Contractions for speech pronoun + copula

Contractions for speech pronoun + copula

Lynda Beagle, the former Deputy Director of RMIT English Worldwide explains in this video how contractions will help you speak more naturally.

Hi. This tip is one of a series on contractions.

Using contractions will help you speak more naturally in English. In everyday speech, people usually contract or shorten some auxiliary verbs and join them to the noun or pronoun. For example, people don't say, "I am happy today." They say, "I'm happy today." You need to know how to do this so your speech sounds natural too.

The key is this symbol here, called an apostrophe. We use the apostrophe to show that we have removed a sound in order to join a verb to a noun. Let's just look at the verb, to be, and some nouns and pronouns for this tip. You can see we've removed the sound "a" from am, and joined the verb to the pronoun, I. We can do it with other pronouns. You're, he's, she's, it's, we're, they're.
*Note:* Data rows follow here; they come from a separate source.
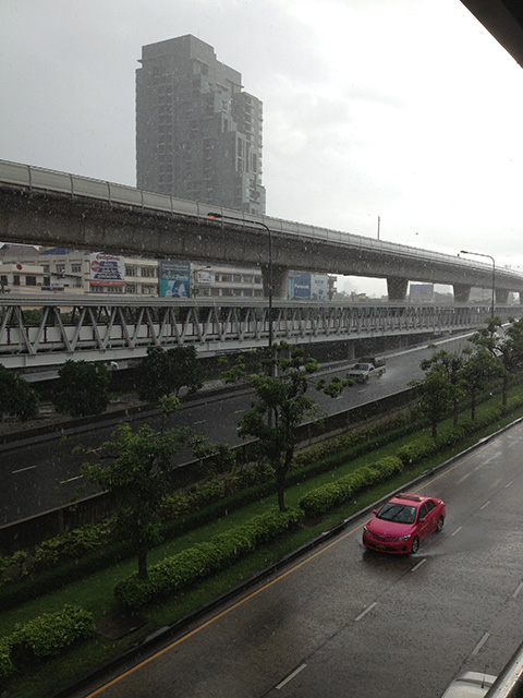 空が雲に覆われ風が出てきたので足を速めて帰路に着くとソムデットヤーでタクシーに乗り込んでまもなく土砂降りになった。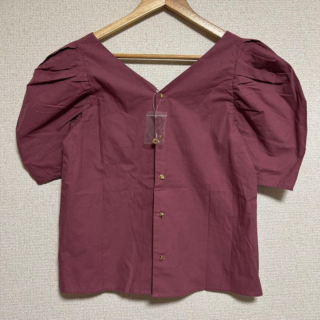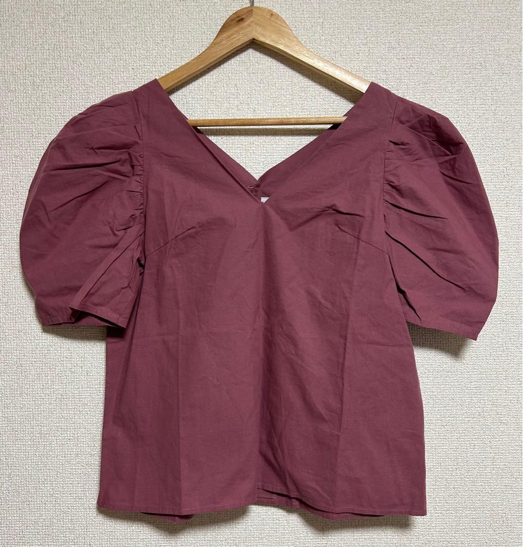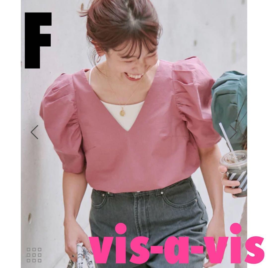 vis-a-vis ビス Vネックボリュームスリーブブラウス フェミニン ピンク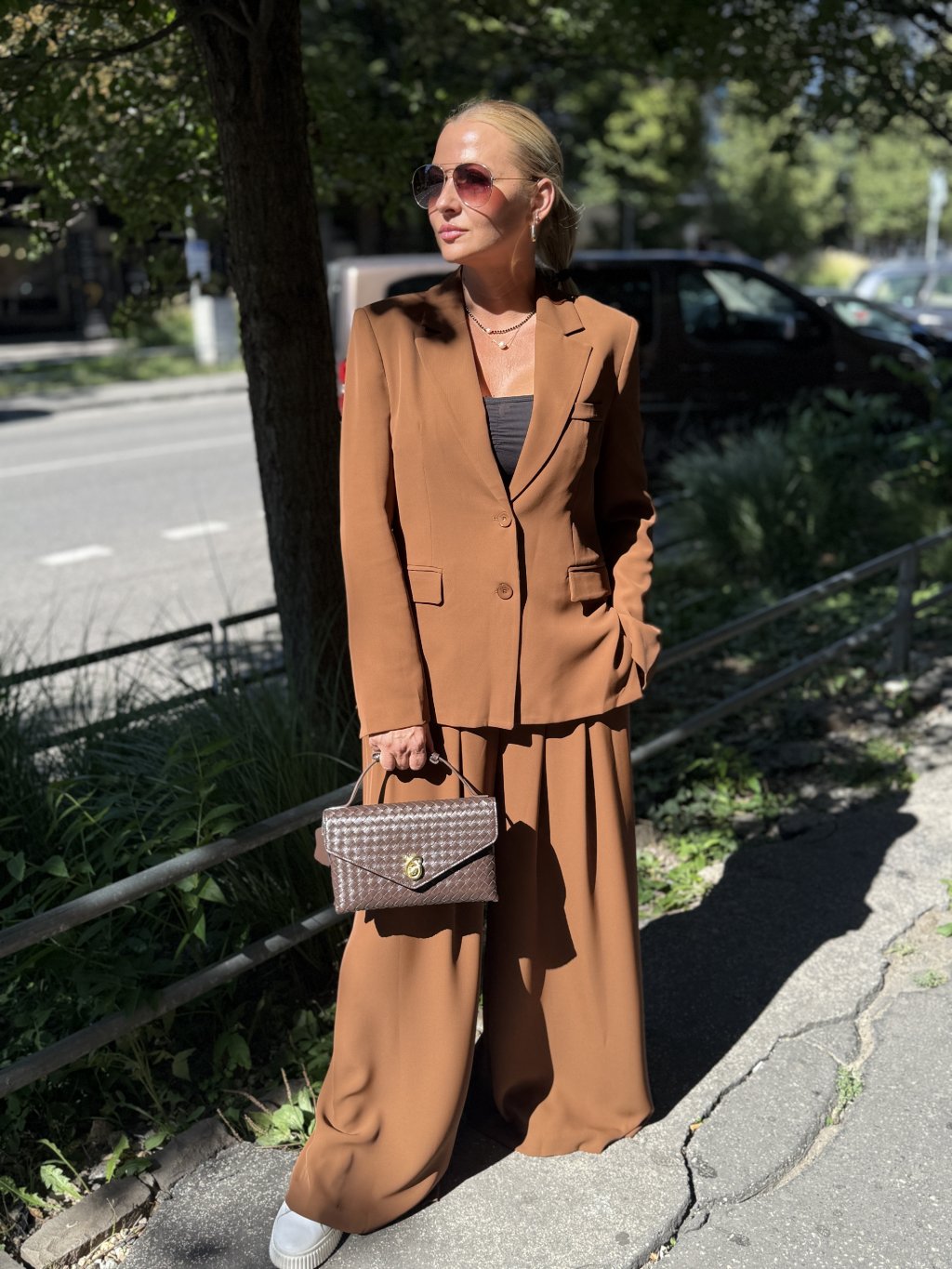 Elegantné komplety v odtieňoch čokoládovej a gaštanovej hnedej sú kúskom, ktorý využiješ od business meetingu až po večerné stretnutie v meste.Široké nohavice + dokonale padnúce sako = kombinácia, ktorá nikdy nevyjde z módy.

We can also join this verb to nouns. For example, Jenny is nice, becomes Jenny's nice. Melbourne is interesting, becomes Melbourne's interesting. The cat is white, becomes the cat's white. One thing you may have noticed is that if the noun or pronoun ends in a vowel, the "s" contraction becomes a "z" sound. In fact, it's only when the noun or pronoun ends in "p", "t", "c" or "f" sound that we pronounce the "s" as "z".

This is why we say Jenny's nice, but the cat's white. Let's try one more and see if you get it right. Let's try and shorten it and try and say the sentence with the contraction. Now for the answer. She's a very intelligent student. Well done. Extra points if you got the "z" sound in she's. I'm Lynda Beagle, deputy director of RMIT English Worldwide.